• [TRY IT]
Starting at the line that contains "西藏開發(fā)投資集團(t", quote every line through the end of the entries, word for word, skipping the pictures.

• [TASK MATERIAL]
========================================

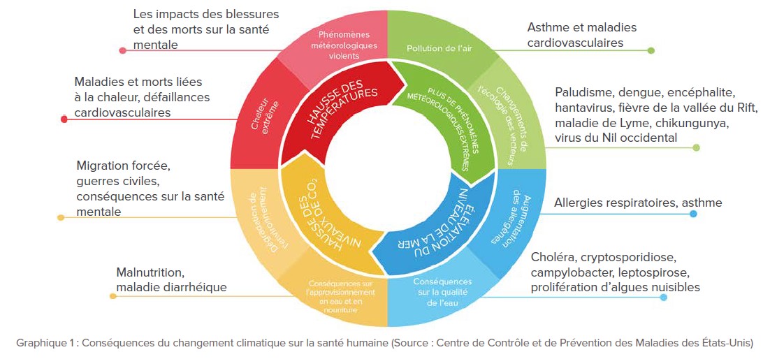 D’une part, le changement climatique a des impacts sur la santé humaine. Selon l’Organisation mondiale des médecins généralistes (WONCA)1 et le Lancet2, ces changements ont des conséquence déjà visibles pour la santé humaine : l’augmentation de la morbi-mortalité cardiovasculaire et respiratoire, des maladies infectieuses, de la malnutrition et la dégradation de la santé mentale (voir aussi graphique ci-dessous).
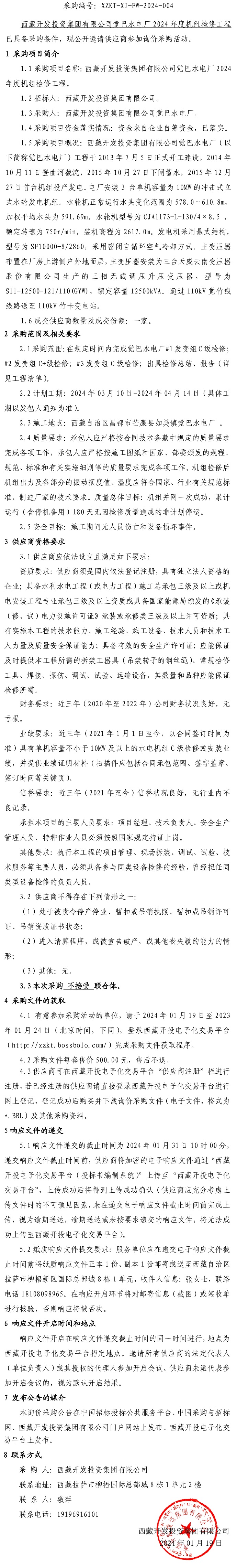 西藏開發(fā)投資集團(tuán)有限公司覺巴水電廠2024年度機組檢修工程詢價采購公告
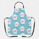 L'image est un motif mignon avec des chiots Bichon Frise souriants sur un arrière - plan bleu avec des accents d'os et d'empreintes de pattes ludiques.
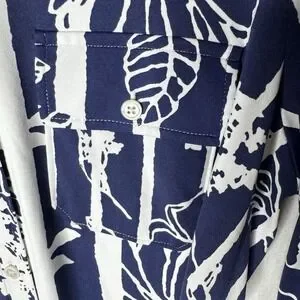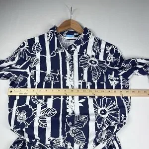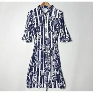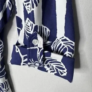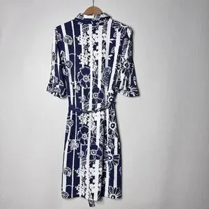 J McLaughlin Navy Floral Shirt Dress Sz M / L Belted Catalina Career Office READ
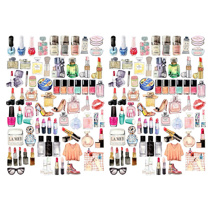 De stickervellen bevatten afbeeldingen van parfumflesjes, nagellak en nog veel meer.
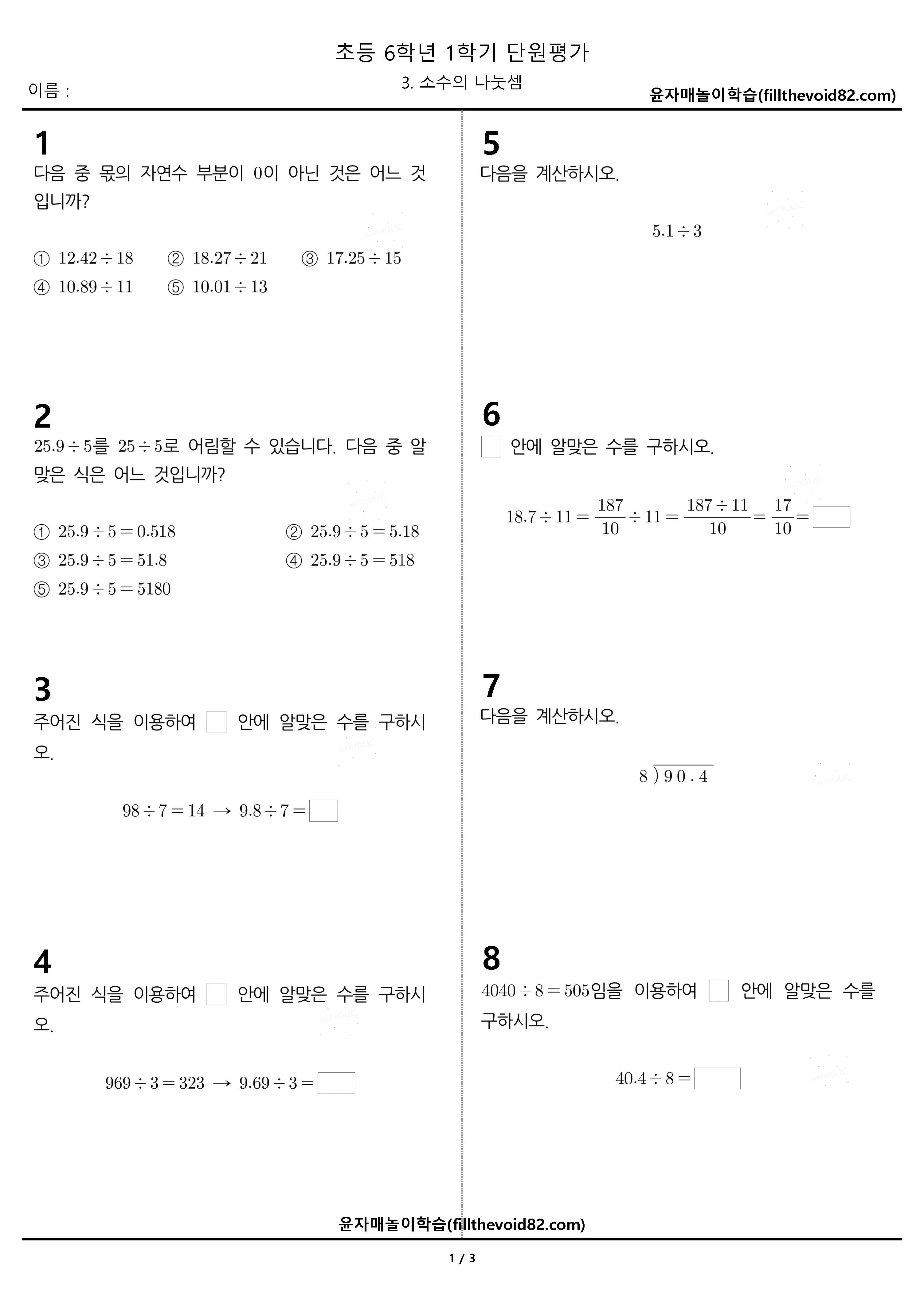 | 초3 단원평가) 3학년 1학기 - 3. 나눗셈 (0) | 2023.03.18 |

========================================

• [EXERCISE OUTPUT]
 西藏開發(fā)投資集團(tuán)有限公司覺巴水電廠2024年度機組檢修工程詢價采購公告
 L'image est un motif mignon avec des chiots Bichon Frise souriants sur un arrière - plan bleu avec des accents d'os et d'empreintes de pattes ludiques.
 J McLaughlin Navy Floral Shirt Dress Sz M / L Belted Catalina Career Office READ
 De stickervellen bevatten afbeeldingen van parfumflesjes, nagellak en nog veel meer.
 | 초3 단원평가) 3학년 1학기 - 3. 나눗셈 (0) | 2023.03.18 |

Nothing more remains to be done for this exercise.